-- Provided data --
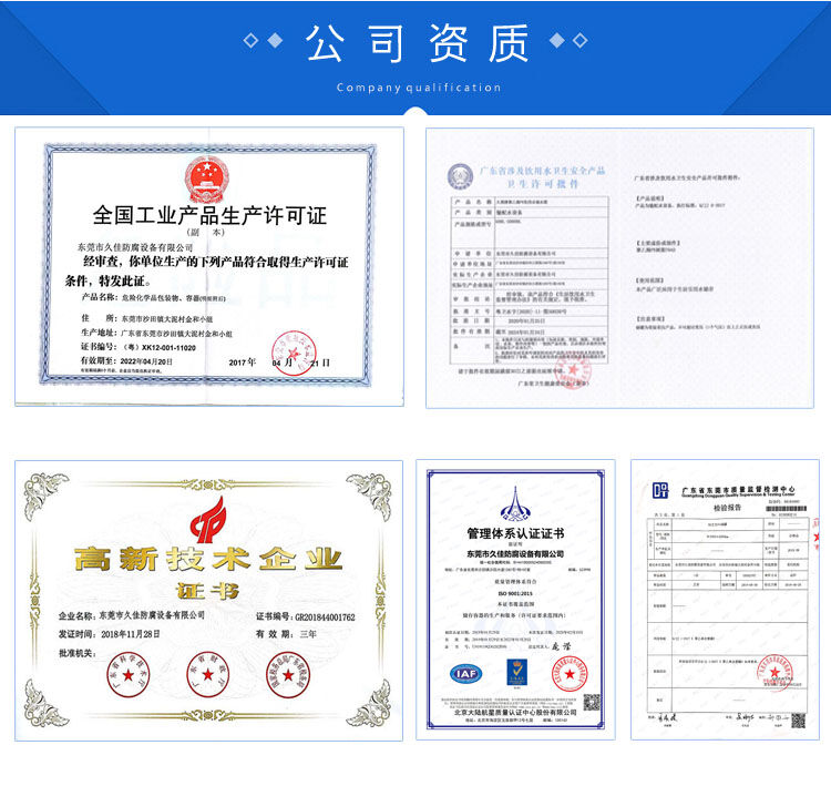 東莞市久佳防腐設(shè)備有限公司是國內(nèi)前沿的防腐環(huán)保設(shè)備制造商之一,竭誠以專業(yè)的防腐技術(shù)為各類石化、環(huán)保、釀造、醫(yī)藥、食品等行業(yè)提供防腐儲存運輸設(shè)備。公司擁有各類先進(jìn)的生產(chǎn)設(shè)備與檢測儀器。加工工藝成熟,檢測手段先進(jìn),經(jīng)過多年不斷創(chuàng)新努力,集生產(chǎn)、銷售各類鋼襯塑儲罐、鋼襯塑反應(yīng)釜、防腐儲罐、全塑儲罐、PE儲罐、離子交換柱等系列設(shè)備于一體。設(shè)備品質(zhì)得到廣大合作企業(yè)高度好評.設(shè)備技術(shù)合作開發(fā)愈加密切。
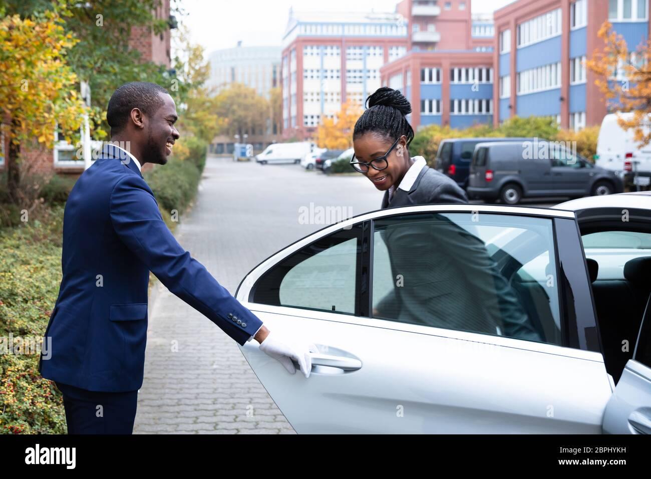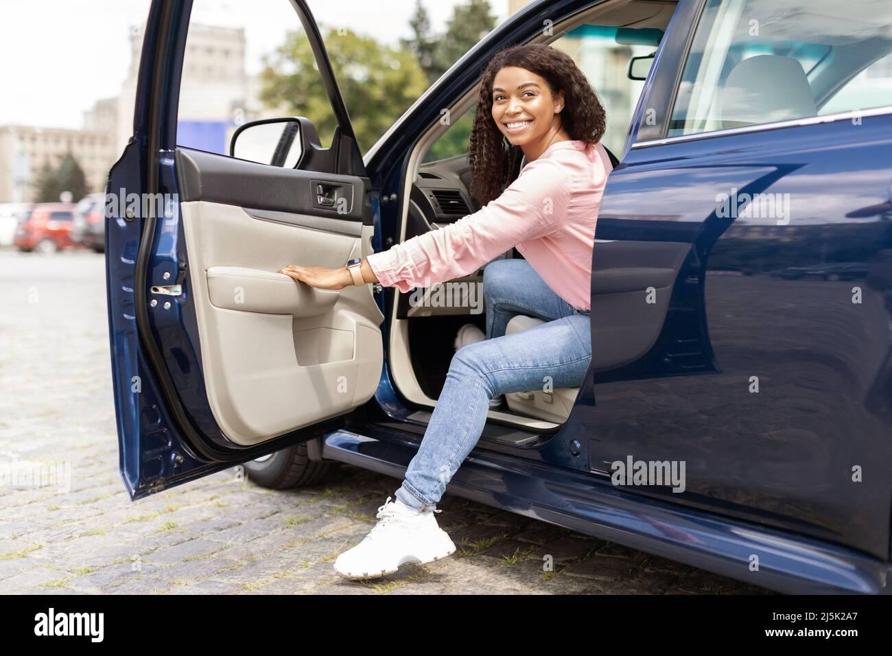 Девушка выходит из машины
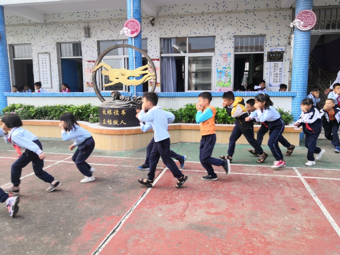 演練開(kāi)始,楊嘉麗老師通過(guò)校園廣播宣布:學(xué)校教學(xué)樓因電線短路起火,各班馬上組織學(xué)生有序地撤離課室,緊急疏散到安全地帶。隨著警報(bào)的響起,老師迅速組織學(xué)生疏散撤離。各班按照指定路線,貓著腰,用手、袖口等捂住口鼻,迅速有序地進(jìn)行緊急疏散,撤離到校園的安全地帶。然后各班清點(diǎn)了人數(shù),并進(jìn)行了匯報(bào)。
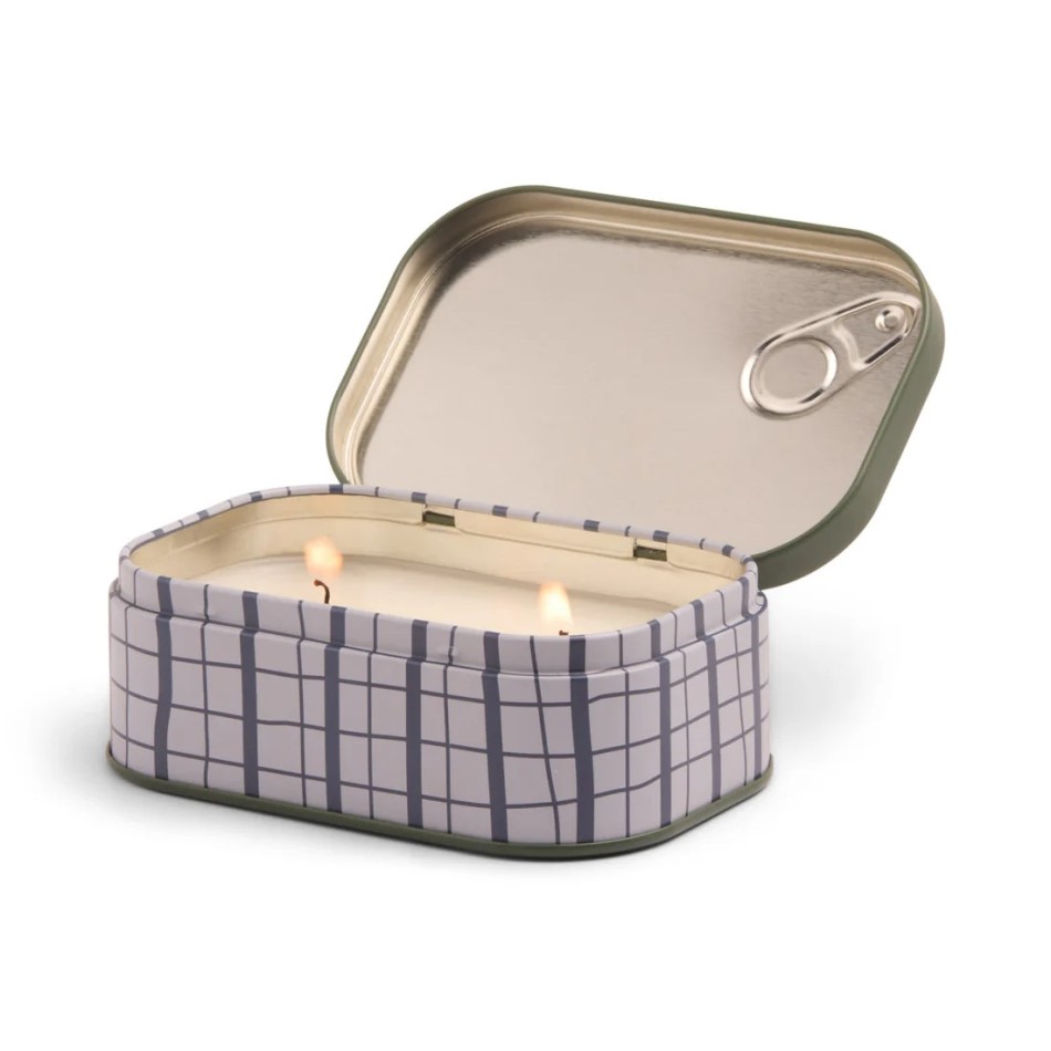Свещта впечатлява с артистичната си винтидж кутия, вдъхновена от класически консерви, и два фитила за равномерно и красиво горене. Ароматът е свеж, зелен и леко сладък – комбинация от маслинови листа и сочна смокиня, допълнени от дървесни и мускусни нюанси, които създават хармонична и успокояваща атмосфера.

-- Problem description --
Word for word, print the material above, but without its pictures.

-- Response to this task --
 東莞市久佳防腐設(shè)備有限公司是國內(nèi)前沿的防腐環(huán)保設(shè)備制造商之一,竭誠以專業(yè)的防腐技術(shù)為各類石化、環(huán)保、釀造、醫(yī)藥、食品等行業(yè)提供防腐儲存運輸設(shè)備。公司擁有各類先進(jìn)的生產(chǎn)設(shè)備與檢測儀器。加工工藝成熟,檢測手段先進(jìn),經(jīng)過多年不斷創(chuàng)新努力,集生產(chǎn)、銷售各類鋼襯塑儲罐、鋼襯塑反應(yīng)釜、防腐儲罐、全塑儲罐、PE儲罐、離子交換柱等系列設(shè)備于一體。設(shè)備品質(zhì)得到廣大合作企業(yè)高度好評.設(shè)備技術(shù)合作開發(fā)愈加密切。
 Девушка выходит из машины
 演練開(kāi)始,楊嘉麗老師通過(guò)校園廣播宣布:學(xué)校教學(xué)樓因電線短路起火,各班馬上組織學(xué)生有序地撤離課室,緊急疏散到安全地帶。隨著警報(bào)的響起,老師迅速組織學(xué)生疏散撤離。各班按照指定路線,貓著腰,用手、袖口等捂住口鼻,迅速有序地進(jìn)行緊急疏散,撤離到校園的安全地帶。然后各班清點(diǎn)了人數(shù),并進(jìn)行了匯報(bào)。
Свещта впечатлява с артистичната си винтидж кутия, вдъхновена от класически консерви, и два фитила за равномерно и красиво горене. Ароматът е свеж, зелен и леко сладък – комбинация от маслинови листа и сочна смокиня, допълнени от дървесни и мускусни нюанси, които създават хармонична и успокояваща атмосфера.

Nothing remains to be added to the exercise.